3. Press the Crust Base:

  • Transfer the remaining crumble mixture (everything except the reserved 1 cup) to the prepared lined pan.
  • Using a spatula, the bottom of a measuring cup, or your clean fingers, press this mixture firmly and evenly across the bottom of the pan to create a flat, packed crust layer. Set aside.

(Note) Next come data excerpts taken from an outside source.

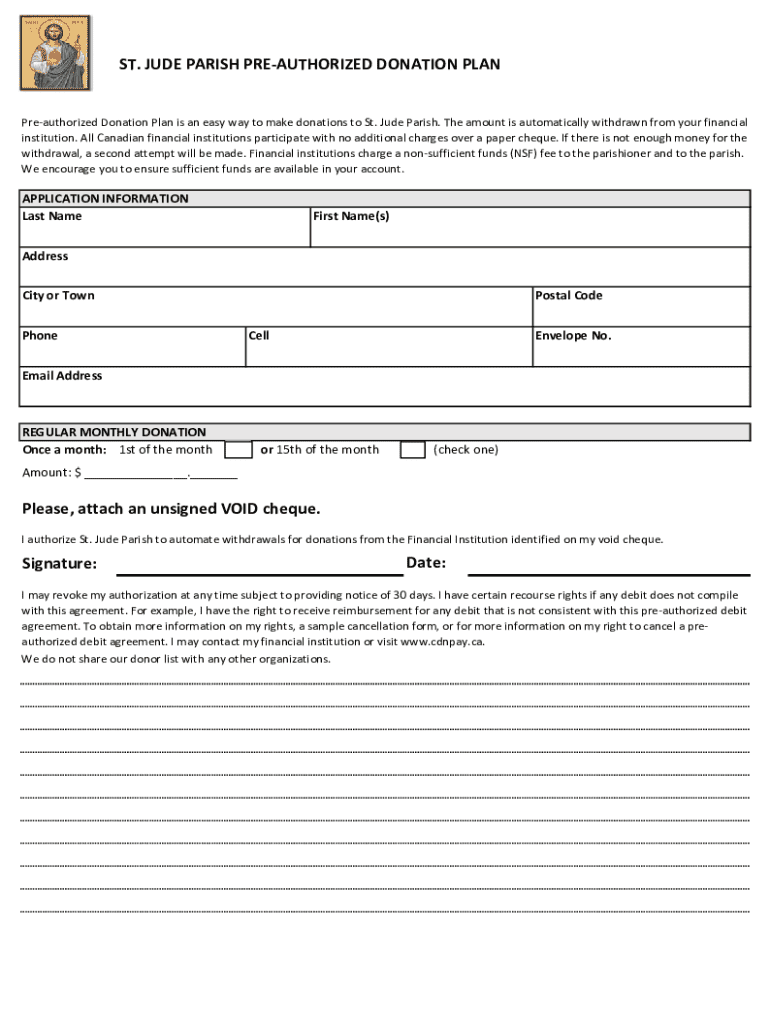 ST. JUDE PARISH PREAUTHORIZED DONATION PLAN Preauthorized Donation Plan is an easy way to make donations to St. Jude Parish. The amount is automatically withdrawn from your financial institution.
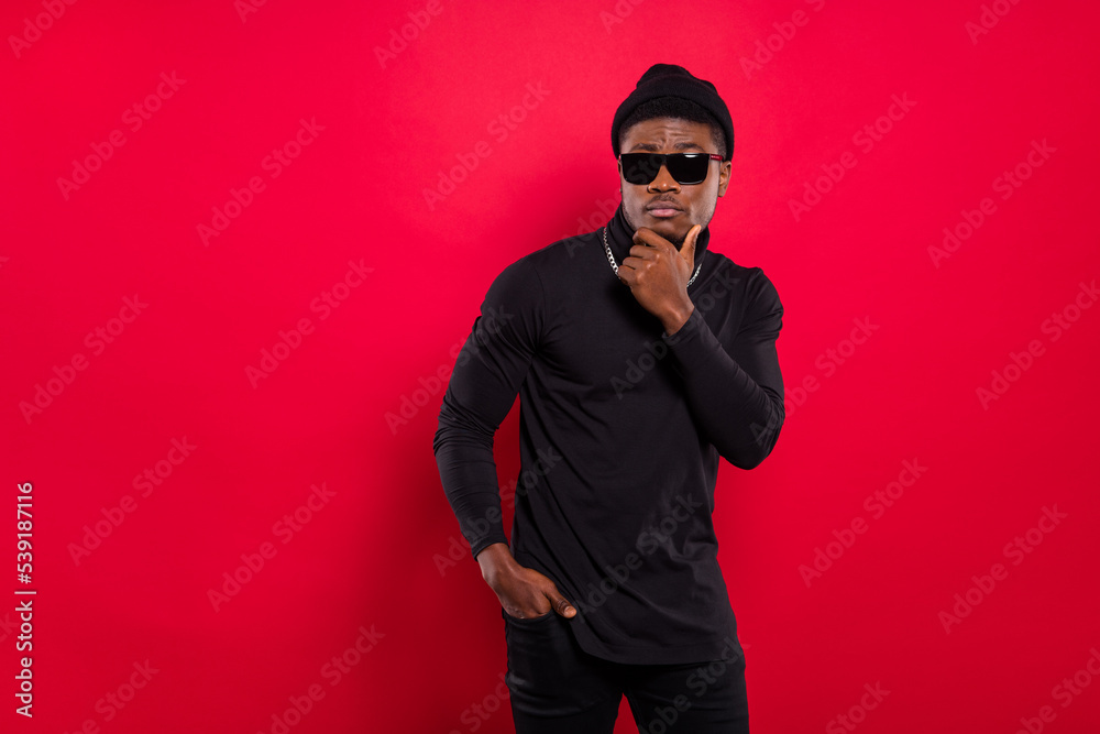 Portrait of attractive serious guy touching chin making decision wearing black look isolated over bright red color background
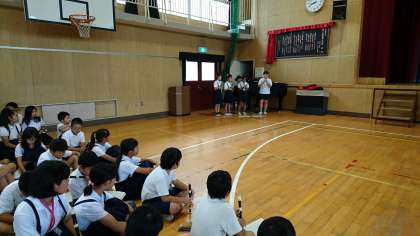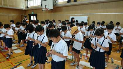 ソロの部分にチャレンジしている高学年の演奏を聴き、そのあと、みんなで合わせて演奏しました。
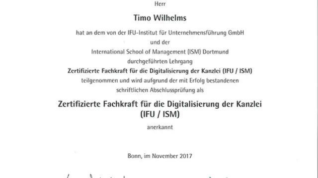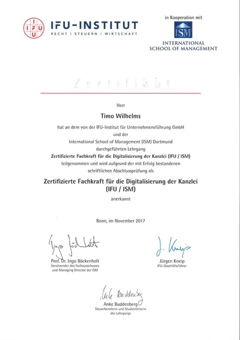 Um hier gut aufgestellt zu sein ist ständige Fortbildung unerlässlich. Unser Steuerfachangestellter Timo Wilhelms hat dazu kürzlich den Lehrgang "Zertifizierte Fachkraft für die Digitalisierung in der Kanzlei (IFU/ISM)" absolviert.
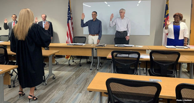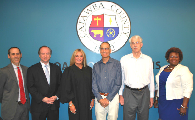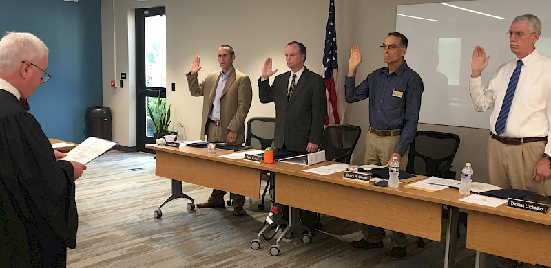 July 22, 2025 - The Honorable Robert A. Mullinax, Jr. swears in the 2025-2027 Catawba County Board of Elections.
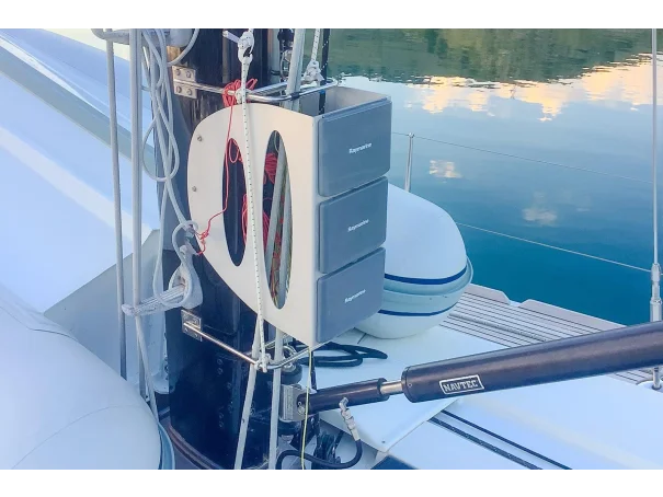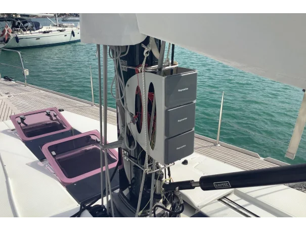 Major works carried out under the current ownership include rod standing and running rigging replacement in 2020, a Raymarine Axiom chartplotter installation in 2023, radar upgrade in 2020, wind instrument upgrade in 2025, skin fittings replacement in 2023, and comprehensive domestic battery replacement between 2020 and 2024. The engine was fully serviced in March 2025 alongside antifouling and anode renewal. A maintenance summary from Ionian Boat Assistance is available on request.
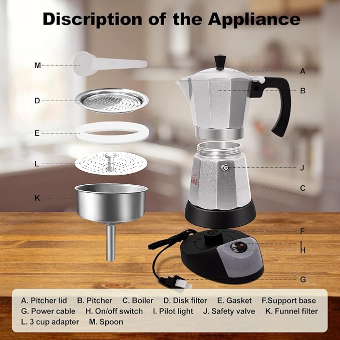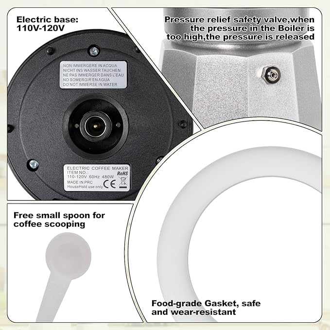 - Electric Moka Pot for Efficient Brewing: Experience the convenience of our electric 5-6 Cup moka pot. Simply fill, plug in, and press start for authentic Italian coffee in minutes. Our moka pot brings the rich aroma of espresso to your home effortlessly(110V)
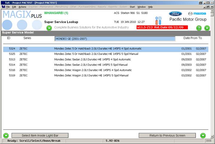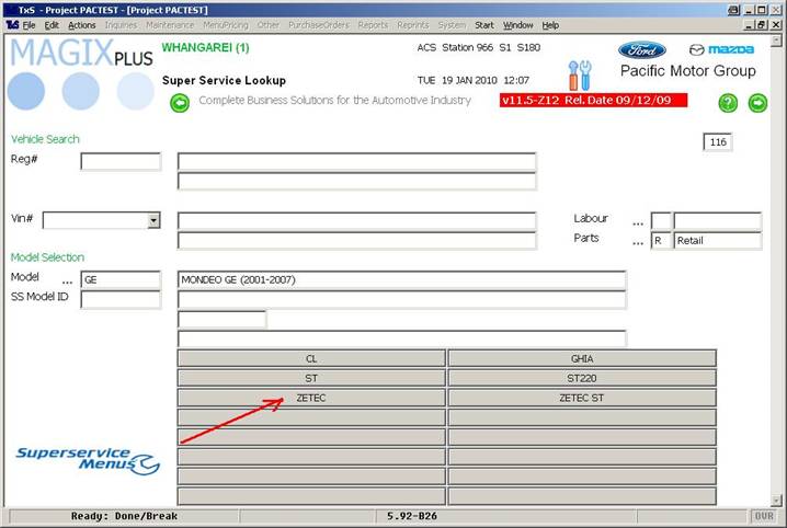 Magix now knows which model you are looking up, although because it hasn’t been assigned a registration number and customer you cannot turn this into an appointment.
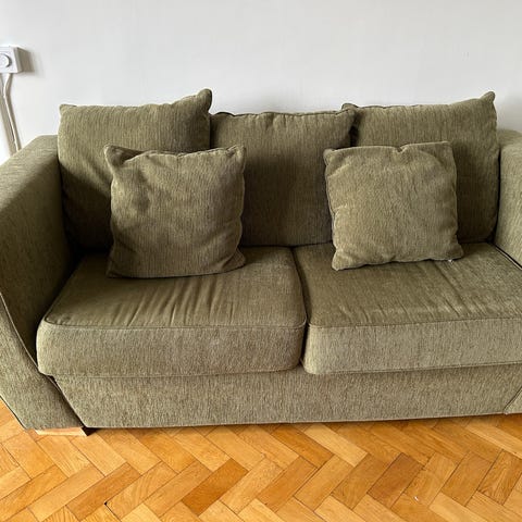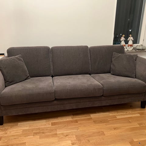 Fin grå/beige soffa från Mio. Fint skick. Rymlig och skön! Se material på bilden.
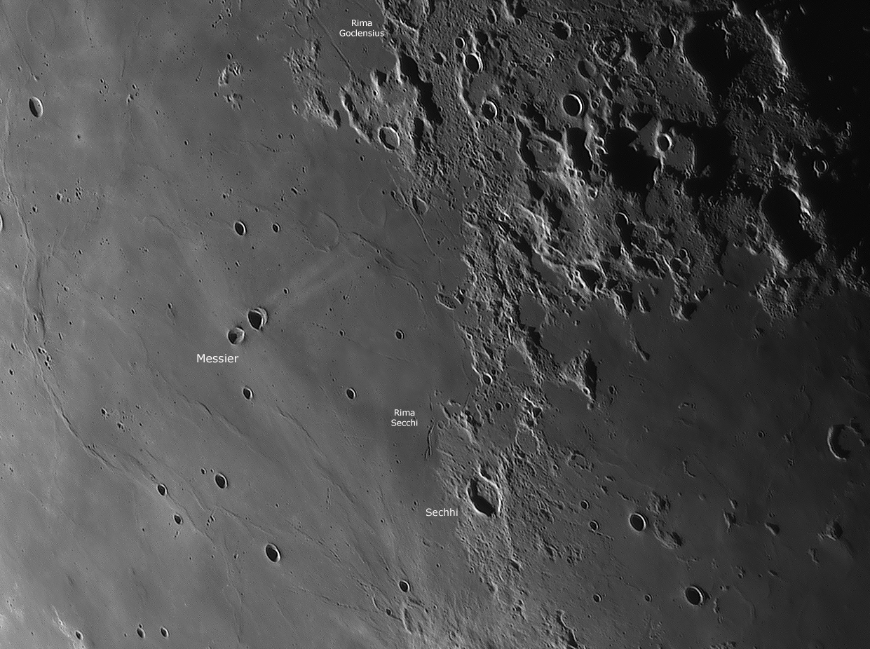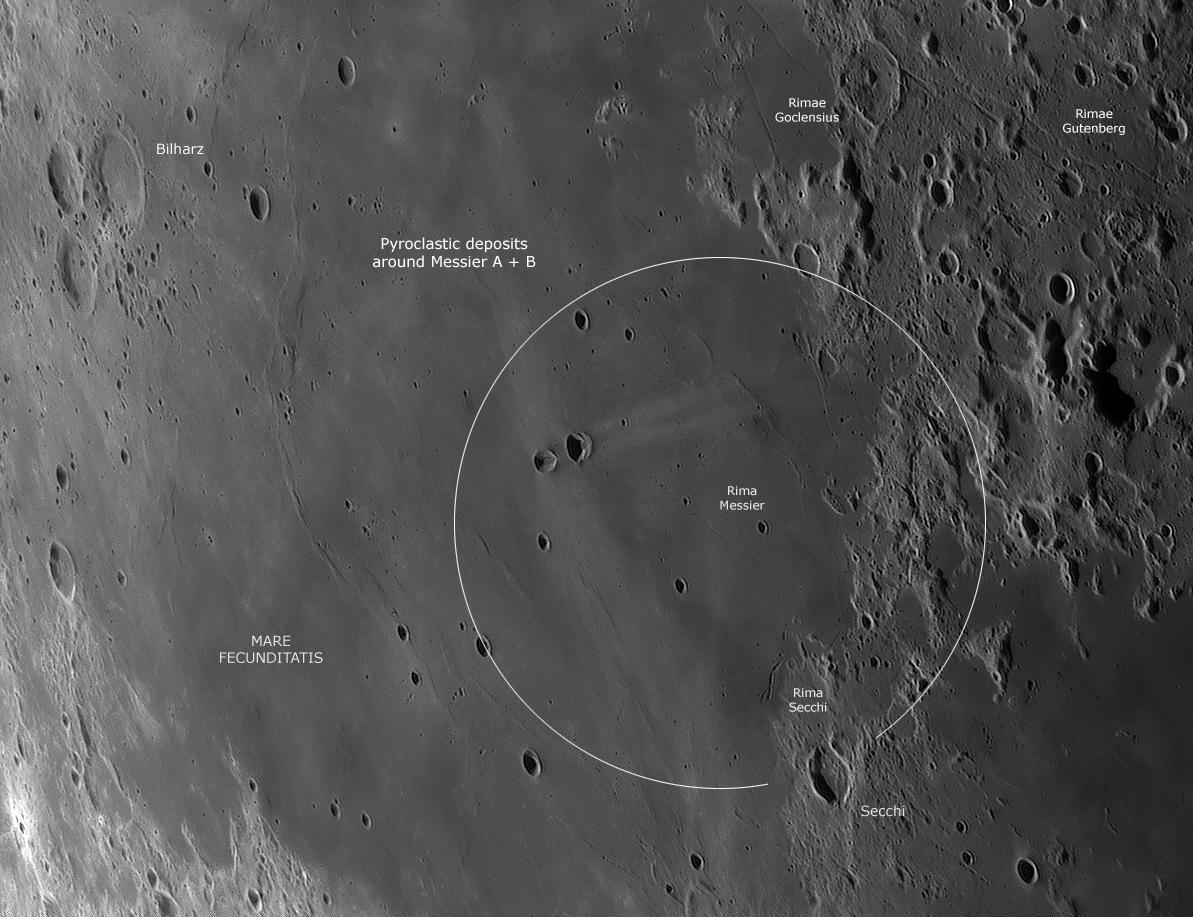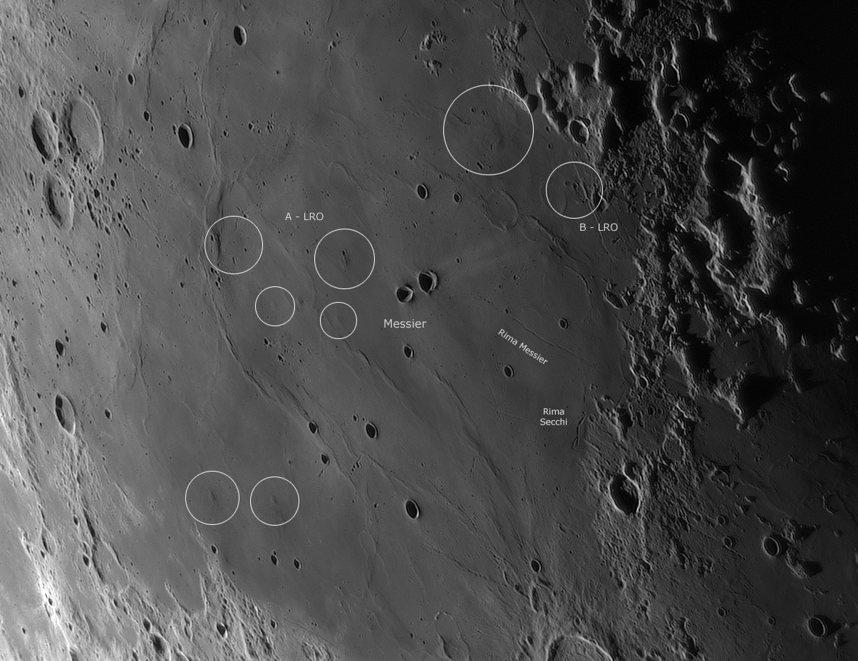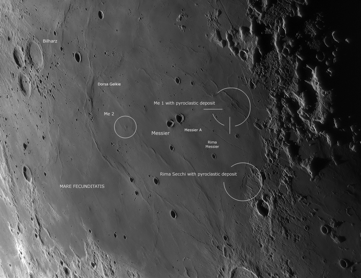 Krater Messier und Messier A liegen zwei kleine effusive Dome Me 1 und

4. Make the Strawberry Filling:

  • In a medium saucepan, combine the coarsely chopped fresh strawberries, ⅓ cup granulated sugar, fresh lemon juice, and cornstarch.
  • Stir everything together well.
  • Place the saucepan over medium heat. Bring the mixture to a gentle simmer, stirring frequently.
  • Continue to simmer, stirring often, for about 5-8 minutes, or until the strawberries have softened and the juices have thickened into a jammy consistency.

5. Assemble the Bars:

  • Pour the hot strawberry filling evenly over the prepared crust base in the pan. Spread it out gently with a spatula.
  • Sprinkle the reserved 1 heaping cup of the crumble mixture evenly over the top of the strawberry layer.

6. Bake:

  • Place the pan in the preheated oven.
  • Bake for 30-35 minutes, or until the crumble topping is lightly golden brown and the strawberry filling is bubbly around the edges.

7. Cool Completely:

  • Remove the pan from the oven and place it on a wire cooling rack.
  • Let the bars cool completely in the pan before attempting to slice them. This is crucial for them to set properly and cut cleanly. Cooling for at least 2-3 hours at room temperature, or speeding up the final cooling in the fridge, is recommended.

8. Slice and Serve:

  • Once completely cool, use the foil or parchment overhangs to lift the entire block of bars out of the pan onto a cutting board.
  • Use a sharp knife to cut into squares or rectangles.
  • Serve at room temperature. Store leftovers in an airtight container at room temperature for a couple of days, or refrigerate for longer storage.